Поутру, когда лязгающая, тяжело дышащая река на дорогах ослабила свой напор и уже представляла собой ручейки, иногда обрывающиеся надолго, полицай Кузьма поднялся по крутой деревянной лестнице к колоколам, достал с балки винтовку, обернутую в промасленную холстину. Володька, за войну повидавший оружия, сразу почувствовал ее красоту и ухоженность — массивная, с оптическим прицелом, приклад тяжелый, драгоценного дерева, мягкого блеска, с глубоко уходящей темной красниной, с ручной резьбой по цевью и по ложе. «Обороняться затеял». Володька поискал глазами чего-нибудь потяжелее, чтобы стукнуть полицая по темени, когда надо будет.
— Бельгийский браунинг штучной работы, — сказал Кузьма. — Одно мое богатство. — Он поставил канистру в метре от стены, предварительно отлив из нее воды во флягу. — Ты того, уходи. — Правая бровь, взбитая к волосам, вздыбилась совсем поперек лба. Сморщилось бугристое переносье. — Тут мужик есть чахоточный рядом — пятый дом после церкви с краю. У него подполье каменное — дот. Батька его лавку хотел заводить, да не сдюжил, только и построил подполье под склад. Там небось полдеревни сидит. Давай шагай. А как поутихнет, к бабке Вере ворочайся. Кто для тебя бабка Вера сейчас? Не знаешь? Она для тебя сейчас все. Ты что же, решил, что твой батька враз в Ленинград явится?
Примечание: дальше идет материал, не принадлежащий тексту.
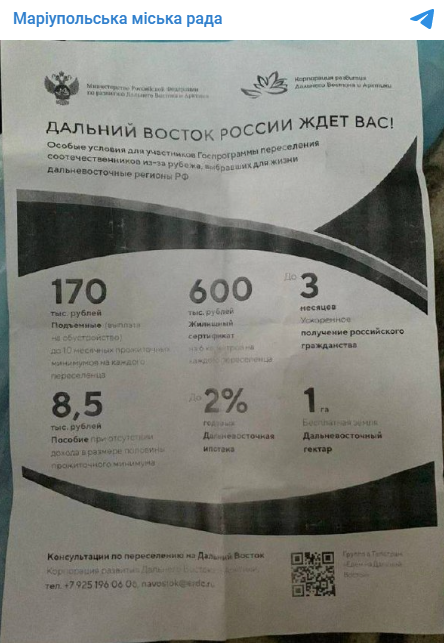 16:40 Nasi ludzie wywożeni są do najbardziej depresyjnych regionów Rosji - podała mariupolska rada miejska. Władze miasta opublikowały zdjęcie ulotki, które według nich otrzymują wywiezieni do Rosji mieszkańcy Mariupola. "Takie ulotki otrzymują deportowani mieszkańcy Mariupola. Naszych ludzi wywożą do najbardziej depresyjnych regionów Rosji" - napisała rada miejska na Telegramie i opublikowała zdjęcie ulotki. Na kartce napisano m.in. "Daleki Wschód Rosji czeka na was". "Szczególne warunki dla uczestników państwowego programu przesiedlenia rodaków z zagranicy, którzy wybrali do życia dalekowschodnie regiony Rosji" - dodano.

Ему нужно отвоевать да еще приказа дождаться. А когда войне конец? Если без остановки и то не год. Ленинград в кольце, там от голода люди мрут. Ты что же, по воздуху полетишь?
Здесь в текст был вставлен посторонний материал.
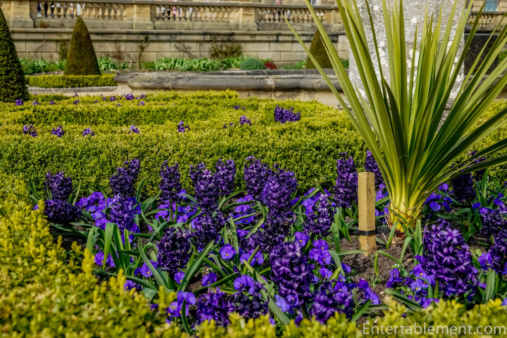 It was restored in 1994. More than 20,000 plants and bulbs are planted in the parterre every year, displaying a mass of colour from spring to autumn. The classically symmetrical flowerbeds are outlined by clipped box hedging over a mile in length—that’s a lot of clipping.

Сказав это, полицай угрюмо уселся возле канистры, ноги раскорячил, как турок. Канистра оказалась низковатой, он встал, выбил из лестницы к колоколам две ступеньки, подложил под канистру и снова прижался к прикладу. Прищуренный черный глаз, беспокойный и недовольный, вдруг замер, вдруг вспыхнул кинжальной сталью. Володька сообразил: теперь винтовка лежит как надо. Кузьма не торопился, опустил винтовку, вытер оставшиеся от пальцев потные следы рукавом. Достал из-под соломы ящик с патронами, уложенными в коробочку, разулся, пиджак снял, подстелил под винтовку сложенное полотенце, чтобы сталь ствола не соприкасалась с железом.